It was in the so-called debates that the sense of a contrived performance rather than a naked clash of personalities and ideas came to a sort of head. Here was acting, acting with a vengeance But the consensus seems to have called the performances decidedly boring. And how could it be otherwise when both men seemed to be attempting to display the same genial temperament a readiness to perform the same role and in effect to climb into the same warm suit? The role, of course, was that of the nice guy, the mildness was all, Bing Crosby with a sprinkling of Bob Hope. Clearly they had both been coached to not threaten the audience with too much passion, but rather to reassure that if elected they would not disturb any reasonable person's sleep. In acting terms there was no inner reality, no genuineness, no glimpse into their unruly souls. One remarkable thing did happen, though -- that single split second shot which revealed Gore shaking his head in helpless disbelief at some inanity Bush had spoken; significantly, this gesture earned him many bad press reviews for what was called his superior airs, his sneering disrespect -- in short, he had stepped out of costume and revealed his reality. This, in effect,was condemned as a failure of acting. The American press is made up of disguised theatre critics; substance counts for next to nothing compared to style and inventive characterization. For a millisecond Gore had been inept enough to have gotten real! And this clown wanted to be President yet! Not only is all the world a stage, but we have all but obliterated the fine line between the feigned and the real.

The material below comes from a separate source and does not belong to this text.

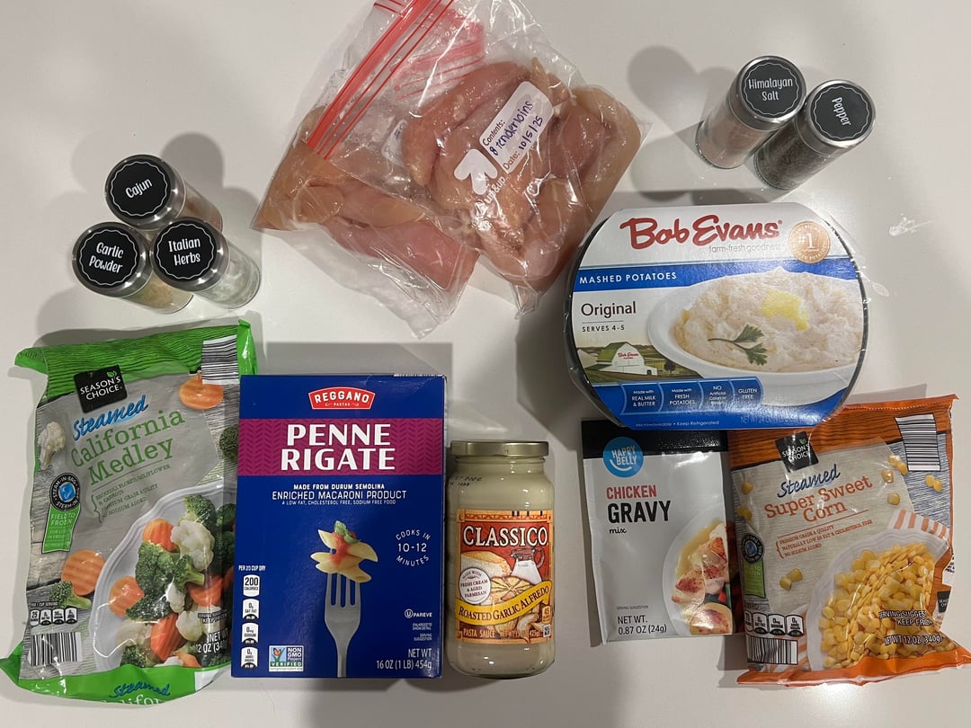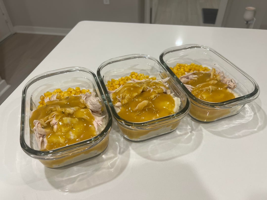 I started by trimming & patting dry my chicken tenderloins. I put them on a baking sheet (lined with tin foil) and seasoned with seasonings listed above. I baked them for 12 mins in the oven at 400°f (bake until 165°f internal temp). I microwaved the potatoes for 3 mins, served, and distributed between the containers. I microwaved the corn for 5 mins and did the same. Then shredded my cooked chicken and put that on top. Follow the instructions on the packet for the gravy because they are all slightly different 🙂 I poured the gravy on top and voila! My husband’s favorite meal prep (which is why I gave him gigantic servings lol). Enjoy!

But was there ever such a border? It is hard to know, but we might try to visualize the Lincoln-Douglas debates before the Civil War when thousands would stand, spread out across some pasture to listen to the two speakers mounted on stumps so they could be seen from far off. There certainly was no makeup; neither man had a speech writer but, incredibly enough, made it all up himself. In fact, years later Lincoln wrote the Gettysburg Address on scraps of paper on his way to a memorial meeting. Is it imaginable that any of our candidates could have such conviction, and more importantly such self-assured candor as to move him to pour out his heart this way? To be sure, Lincoln and Douglas, at least in the record of their remarks, were civil to one another, but the attack on each other's ideas was sharp and thorough, revealing of their actual approaches to the nation's problems. As for their styles, they had to have been very different than the current laid-back cool before the lense. The lense magnifies everything; the slight lift of an eyelid and you look like you're glaring. If there is a single most basic requirement for success on television it is minimalization; to be convincing before the camera is that whatever you are doing do it less and emit cool. In other words -- act. In contrast, speakers facing hundreds of people without a microphone and in the open air, must inevitably have been broader in gesture and even more emphatic in speech than in life. Likewise, their use of language had to be more pointed and precise in order to carry their points out to the edges of the crowd. And no makeup artist stood waiting to pounce on every bead of sweat on a speaker's lip; the candidates were stripped to their shirtsleeves in the summer heat and people nearby could no doubt smell them. There may, in short, have been some aspect of human reality in such a debate.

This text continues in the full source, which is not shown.